To deal with this I introduced a simple gate system in my repo class:为了解决这个问题,我在我的 repo class 中引入了一个简单的门系统:

private static readonly SemaphoreSlim _writeGate = new(20, 20);
private static readonly SemaphoreSlim _readGate = new(25, 25);

public async Task<IEnumerable<SomeDataItem>> ReadData(string query, CancellationToken ct)
{
   await _readGate.WaitAsync(ct);
   // try to get data, finally release the gate
   _readGate.Release();
}

public async Task WriteData(IEnumerable<SomeDataItem>, CancellationToken ct)
{
   await _writeGate.WaitAsync(ct);
   // try to write data, finally release the gate
   _writeGate.Release();
}

I chose to have separate gates for read and write because I wanted to be confident that reads would not get completely blocked by concurrent writes.我选择为读取和写入设置单独的门,因为我想确信读取不会被并发写入完全阻塞。 The limits are hardcoded as above, a total of limit of 45 on each of the 2 app instances, connecting to 1 db server instance.限制是硬编码的,连接到 1 个数据库服务器实例的 2 个应用程序实例中的每一个的总限制为 45。 It is more important that attempts to write data do not fail than attempts to read.写入数据的尝试不会失败比读取数据的尝试更重要。 I have some further safety here with a Polly retry pattern.我在这里使用 Polly 重试模式进一步确保安全。

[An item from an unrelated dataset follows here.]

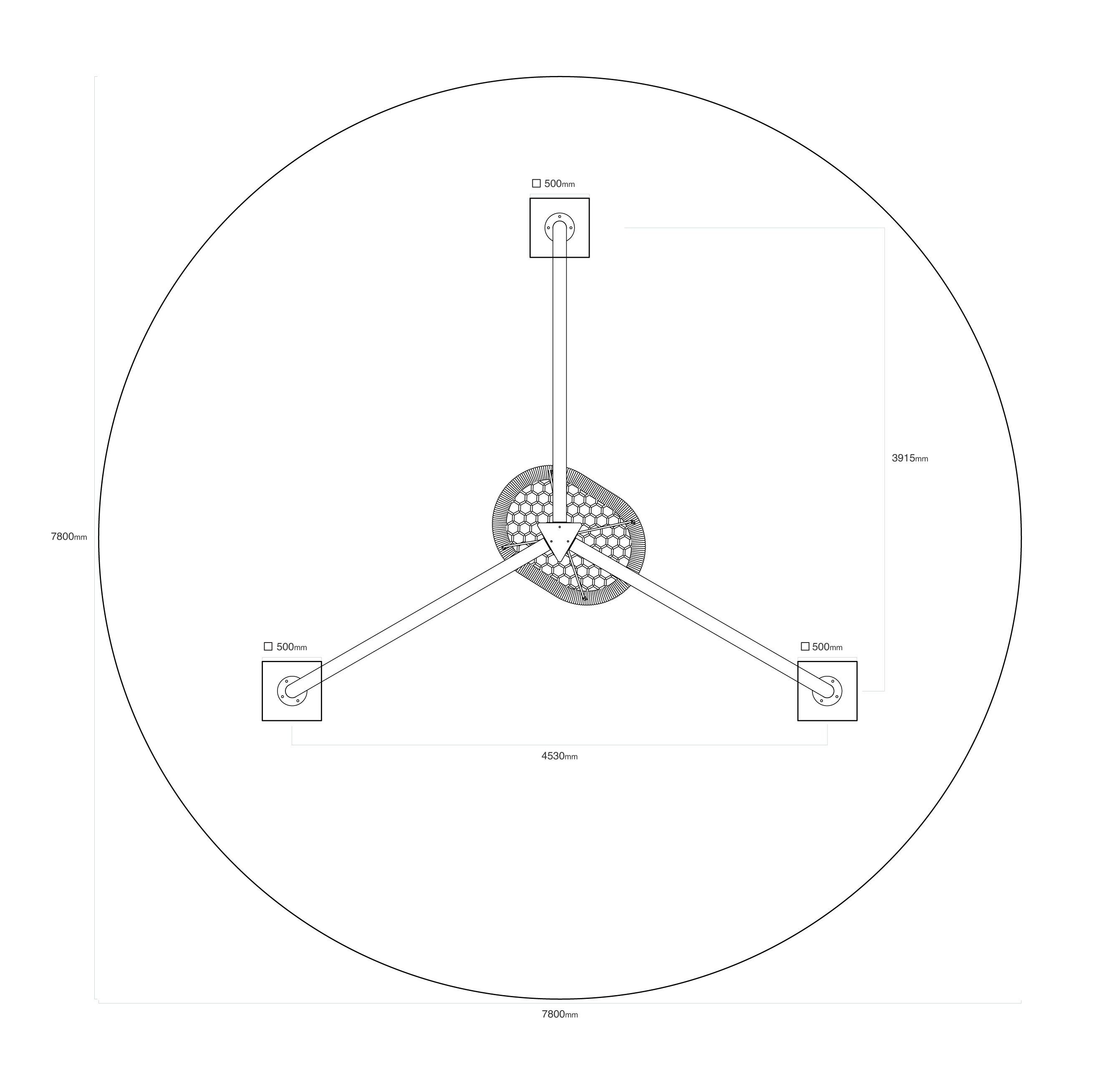 - Biztonsági zóna: 7,8 m átmérő
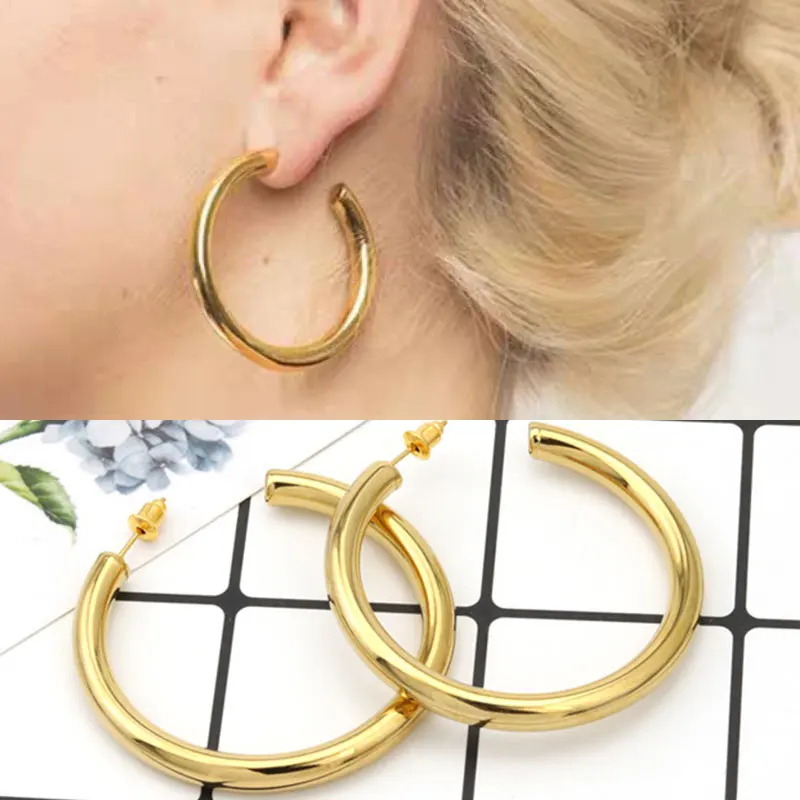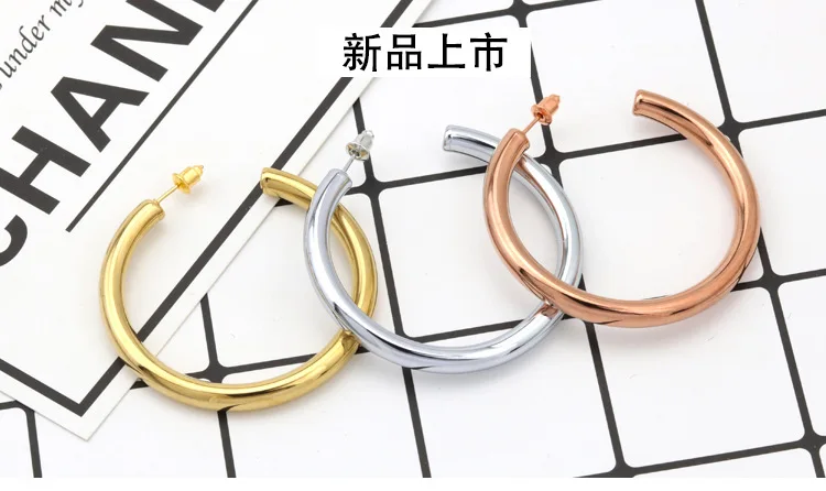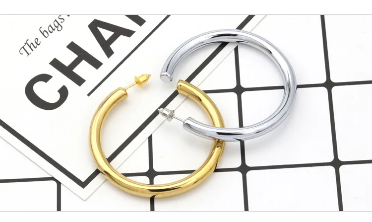 Нержавеющаясталь минималистский геометрический большой круг с круглым открытым серьги в виде колец, для Для женщин даного грубая Панк Металлический CC светильник Вес

This was alright for a while, but as the concurrent read requests increase, I see that the response times start to degrade, as a backlog of read requests begins to accumulate.这暂时还好,但随着并发读取请求的增加,我看到响应时间开始下降,因为读取请求的积压开始累积。

So, for this question, assume my sql queries and db schema are optimized to the max, what can I do to improve my throughput?所以,对于这个问题,假设我的 sql 查询和数据库模式被优化到最大,我可以做些什么来提高我的吞吐量?

I know that there are times when my _readGate is maxed out, but there is free capacity in the _writeGate.我知道有时我的 _readGate 已用完,但 _writeGate 中有空闲容量。 However I don't dare reduce the hardcoded limits because at other times I need to support concurrent writes.但是我不敢降低硬编码限制,因为在其他时候我需要支持并发写入。 So I need some kind of QoS solution that can allow more concurrent reads when possible, but will give priority to writes when needed.所以我需要某种 QoS 解决方案,它可以在可能的情况下允许更多并发读取,但在需要时会优先写入。

Queue management is pretty complicated to me but is also quite well known to many, so is there a good nuget package that can help me out?队列管理对我来说很复杂,但也为很多人所熟知,所以有没有好的 nuget package 可以帮助我? (I'm not even sure what to google) (我什至不确定要谷歌什么)
Is there a simple change to my code to improve on what I have above?我的代码是否有简单的更改以改进我上面的内容?
Would it help to have different conn strings / users for reads vs writes?使用不同的 conn 字符串/用户进行读取和写入会有帮助吗?
Anything else I can do with npgsql / connection string that can improve things?我还能用 npgsql / 连接字符串做些什么来改善事情吗?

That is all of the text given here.